Hamilelik döneminde anne adayının bedeni artık sadece ona hizmet etmez. Kendi gelişimiyle birlikte beden içerisinde bir canlının oluşumuna da hizmet eder. Bütün dokular, fetüsün gelişmesi ve onun sağlıklı bir şekilde dünyaya gelebilmesi için seferber olur.
Bu çerçevede, vücudun sistemleri hamileliğe uyum sağlamak adına sürekli olarak değişim geçirir. Peki, hamilelikte vücutta görülen değişiklikler nelerdir ve bu değişimlerle en iyi şekilde nasıl mücadele edilir?
Hamilelik döneminde tahmin edilebileceği üzere hormonlar tekdüze şekilde ilerlemez. Bu süreçte hormonların dalgalı hâlde seyretmesi akne oluşumunu tetikleyebilir. Bu hormonal değişiklikler sebum üretimini, cilt yağında artışı ve folikülün tabanında yağ hücrelerinin birikmesini teşvik eder.
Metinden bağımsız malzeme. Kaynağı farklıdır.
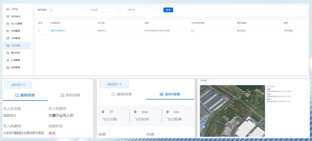 全面记录了每次飞行作业的关键信息,包括所属项目、使SN码(序列号)、任务执行次数、拍摄的图片数量等数据。查看飞行日志,便于追踪、管理和分析飞行作业。

Bu da tıkanıklığa, iltihaba ve sivilce oluşumuna neden olur.
Hamilelikte akne oluşumu genellikle ilk dönemlerde daha yoğundur. Oluşan sivilceler hafif, düzenli ve hatta oldukça şiddetli seyredebilir. Ancak endişelenmenize gerek yok! Çünkü emzirme dönemine girdikten sonra yavaş yavaş aknelerle vedalaşmaya başlayabilirsiniz.
Saçlarınız her zamankinden daha güzel görünüyorsa ve çevrenizdeki kişilerden saçlarınıza yönelik iltifatlar alıyorsanız bunu hamileliğinize borçlu olabilirsiniz. Zira olağan seviyelerin üstüne çıkan östrojen ve progesteron, kökleri besleyerek dökülme oranını azaltırken saç foliküllerinin büyüme hızını da artırır.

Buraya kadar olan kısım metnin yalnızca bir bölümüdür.